The flow of information

A flow diagram illustrating how data is passed from a Publisher's site to the Subscription Linking API, first via subscriptions.linkSubscription() in the browser, and then via UpdateReaderEntitlements() on the server.

Figure 1. Sequence diagram for the high-level data flow of Subscription Linking process.

To implement Subscription Linking, a publisher’s site must use client-side JavaScript to initiate the linking for readers, and a server-side service to manage the entitlements of readers. Both of these systems use information from the hosted webpage, your publication’s Publisher Center configuration and GCP service account information.

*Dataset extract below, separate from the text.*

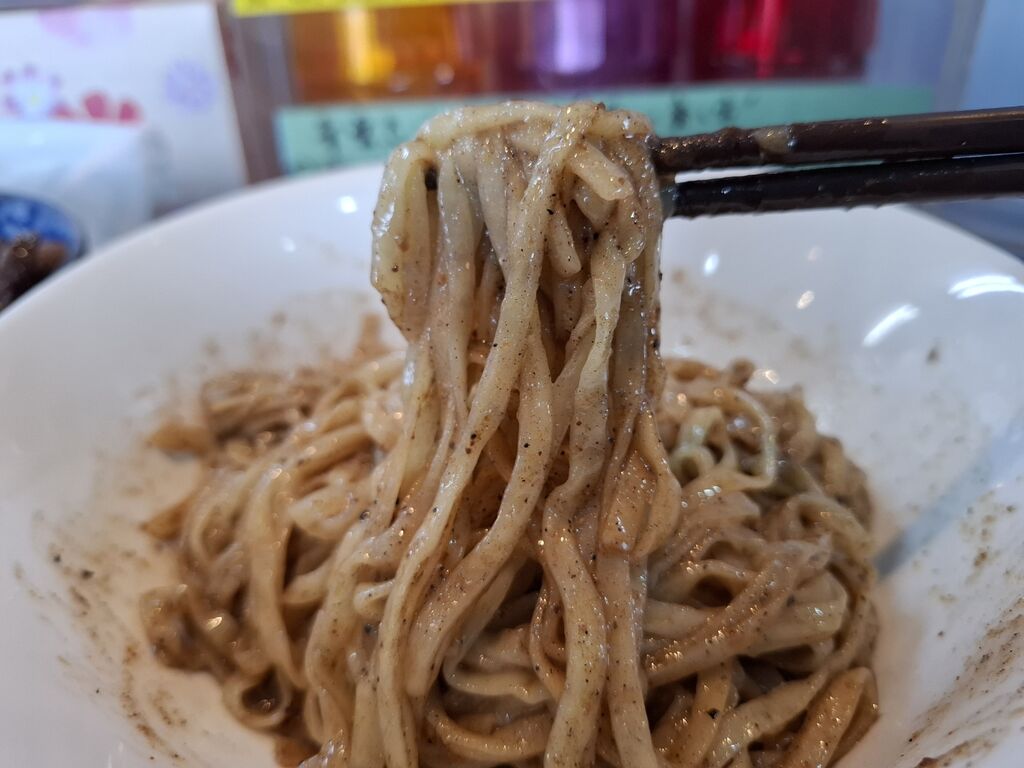 ズルっと啜りますが、濃厚なマー油がモッチモチな麺に絡むと熱々さめずに口の中へ!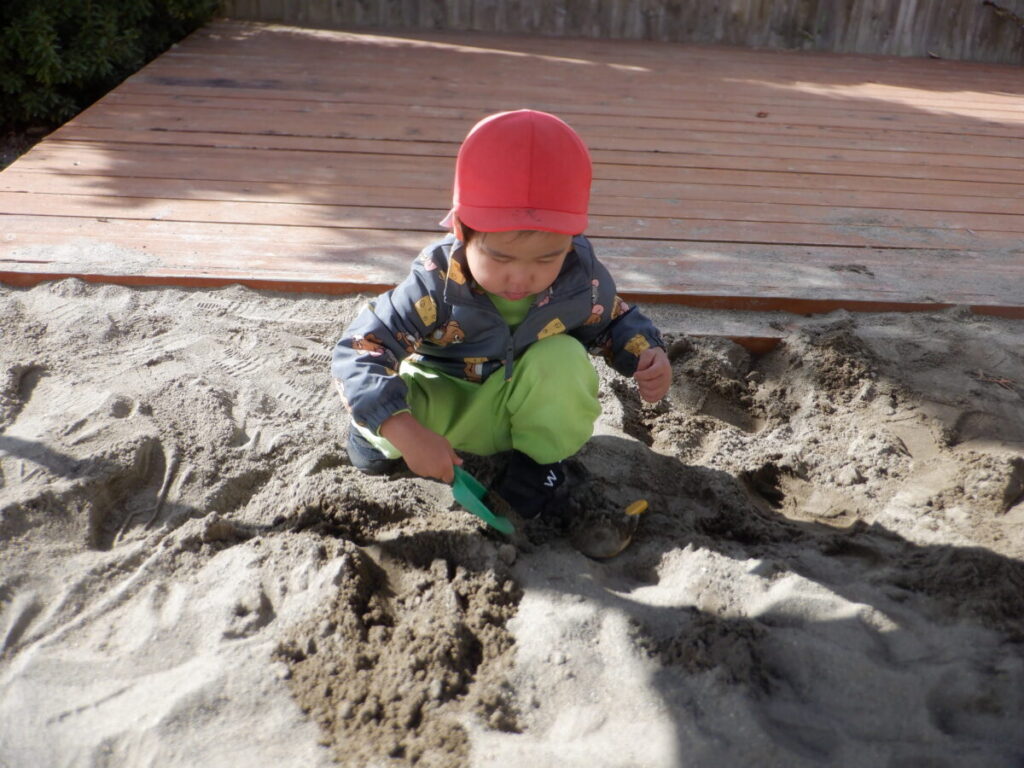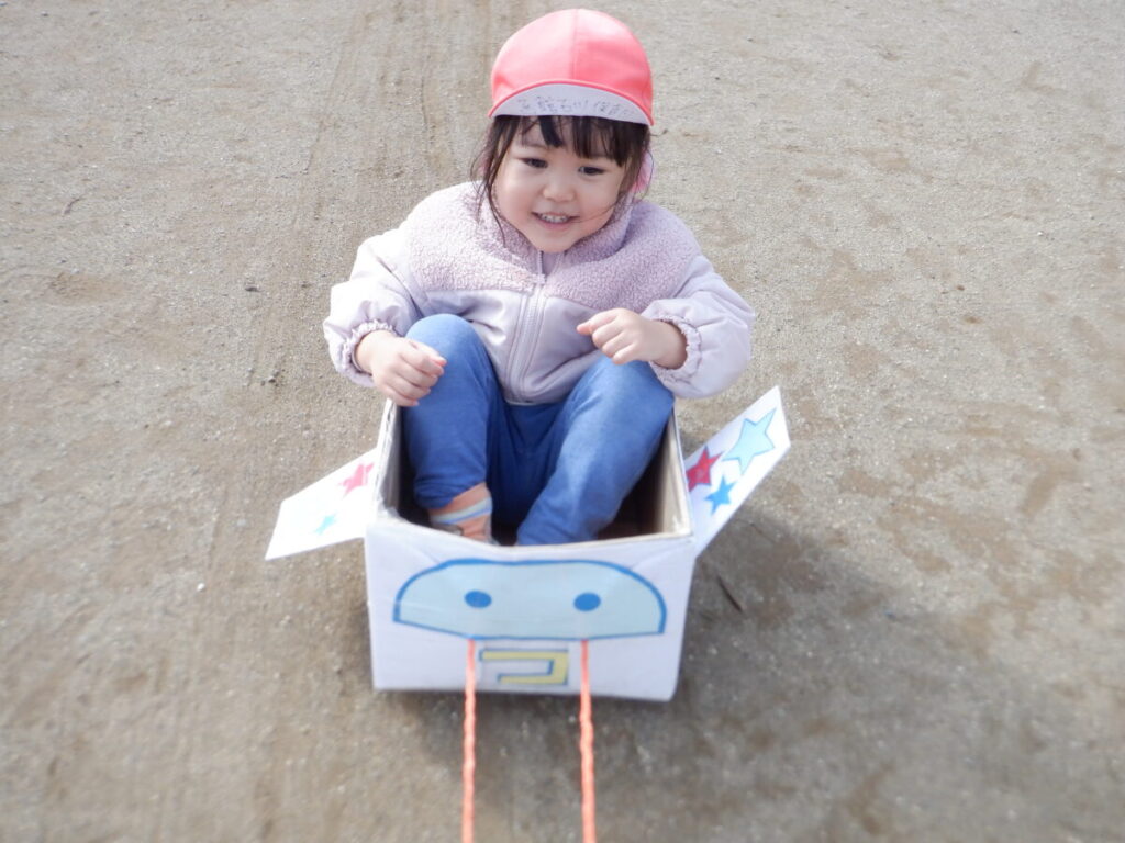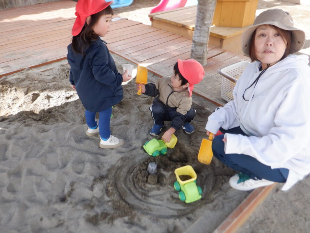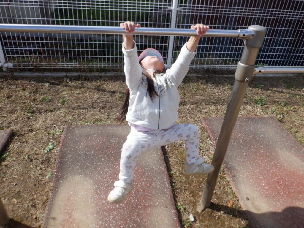鉄棒にぶらさがり「みてみて~」と見せに来る子や、砂場で車に砂を入れて運ぶ子もいます☺

Walking through linking a subscription

  1. A reader with a paying subscription or contribution entitlement comes to your website.
  2. Your client-side code uses swg.js to offer the reader the opportunity to link their account to their Google Account, so that they can receive the benefits of the association, via a button or call-to-action that you design and place on your website.
  3. After triggering the call-to-action (either explicitly through a click, or implicitly as the result of another action or state), the reader logs in to their Google Account (or selects from those currently active), and grants permission to the publisher to associate reader information with their Google Account. The publisher creates a publisher-provided identifier (PPID) for the reader as part of the request, which is saved with the reader’s Google Account and is used for subsequent api interactions.
  4. After granting permission, the reader is sent back to the publisher’s site. The publisher can now let Google know which entitlements the reader is entitled to.
  5. (Asynchronously) Publishers will send Google information for each reader that has successfully linked their account, using their PPIDs to update Google’s record of the PPID’s entitlements. Google’s record of a PPID’s entitlement(s) must be kept fresh, as these records are deleted after becoming stale. A record becomes stale 30 days after the record’s expiration date, and is subsequently purged.

Benefits

When a reader visits a publisher’s site that has integrated Subscription Linking, and they have paid for a subscription or contribution on this site, the reader can link their publisher account to their Google account. These readers are then eligible to have increased visibility on the content from this publication on Google products, such as Search and Discover. This allows readers to maximize their consumption of content from the publications they’ve paid for. Readers can unlink their publisher account from their Google account at any time, or via a publisher-provided action.

Summary of reader benefits

  1. Readers search for any content, news or non-news, and see the “From your subscriptions” list.
  2. Readers interact with Discover (either via their Android home screen, or on iOS in the Google app, Chrome, or via a home screen widget) and can see “From your subscriptions” as a section within Discover. A pair of screenshots showing the From your subscriptions module on a search results page

Figure 2. Screenshot of the “From your Subscriptions” module on a search results page on desktop and mobile.

Publisher benefits from a Linked Subscription

  • More efficient, longer-term resilient server-side setup for account management
  • Does not require creating a public OAuth IDP and entitlements endpoint, as previous versions of Account Linking required
  • Improved user engagement and retention by featuring the publication’s content more distinctly within Google’s search engine results pages.